Erin, your commentary focuses on what’s important in design. Thank you. Brains will be around in 100 years; Macromedia Director won’t. However, I must come to Mssr. Nielsen’s defense. Sure, Jakob deserves all the criticism we can heap upon him, but give him some credit for crafting workshops – just take a look at the NNGroup world tour. (Y’all’ve heard about that, right?)
***NNG teaches as a profit stream— no ordinary designer can afford it from their own pocket, and certainly no student could. It’s corporate training, it’s big bucks and I assume that and heuristic evaluations is where he and the crew makes most of their money.
It’s frustrating to hear Neilsen’s pronouncements and when you seek the cure you discover it’s sequestered in a hundred dollar report or a thousand dollar seminar. But on the other hand, it’s excellent business. And no doubt his more recent books with their elegant design and abundant screenshots have done a lot to bring usability insights into everyday design.

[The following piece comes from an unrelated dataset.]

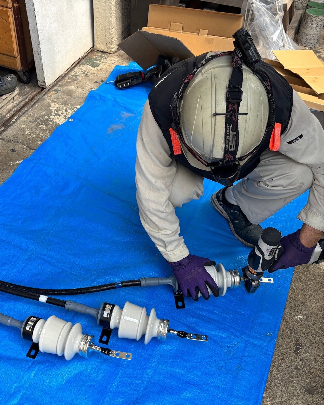 高圧受電設備では、ケーブル端末の処理精度が信頼性を左右します。この作業は、高圧ケーブルの端末を正しく処理し、電気を安全に流すための大切な工程。

***As for tools; seems to me there are two problems: one is that we expect tools to do our thinking for us, when they can’t. And the other is using the wrong tool for the job. A tool is always just a support. A good tool is a strong support, letting us think better and work faster, a bad tool is a bad support and slows us down and makes us stupid. It’s clear from Norman’s “Things that make us smart” that tools are what have allowed us to make our advances in science, math and technology.
But we also have all been in the situation where the tool slows and annoys– MS Word often reformats things for me, and I wish I could just open up the source and edit directly like I can in Dreamweaver. Same for making flow charts in Illustrator or Visio– your either spending wasted hours struggling making it pretty (which Visio sucks at), or moving things around (I wonder how many IA’s have failed to update an architecture because moving all the bits in Illustrator seemed like too big a hassle…:-)
Use your brain is not patronizing, it’s needed. People need stop looking to tools for every solution, and spend the time to decide when it’s a tool problem, if it is a tool problem what the tool needed is, and when the answer is “we don’t need tool.”
Or maybe “the tool is a piece of paper and a pencil.”
“The knowledge, expertise and skills to solve problems are right between our ears.”
Nice sound bite, good propaganda, feel-good, vague, misleading, meaningless… Do you have any specifics in mind?
I’m unaware of any common set of knowledge, expertise, or skills that “information architects” share. I suggest some critical thinking skills as a start.
Yes, IA’s waste their (and others’) time discussing tools. Yes, ironically enough, IA’s avoid discussing their own work and work needs.
“We have a responsibility to be smart problem-solvers and use the one tool that we all have—our brains.”
Absolutely! Most importantly, they need to develop and share a common set of knowledge, expertise, and skills.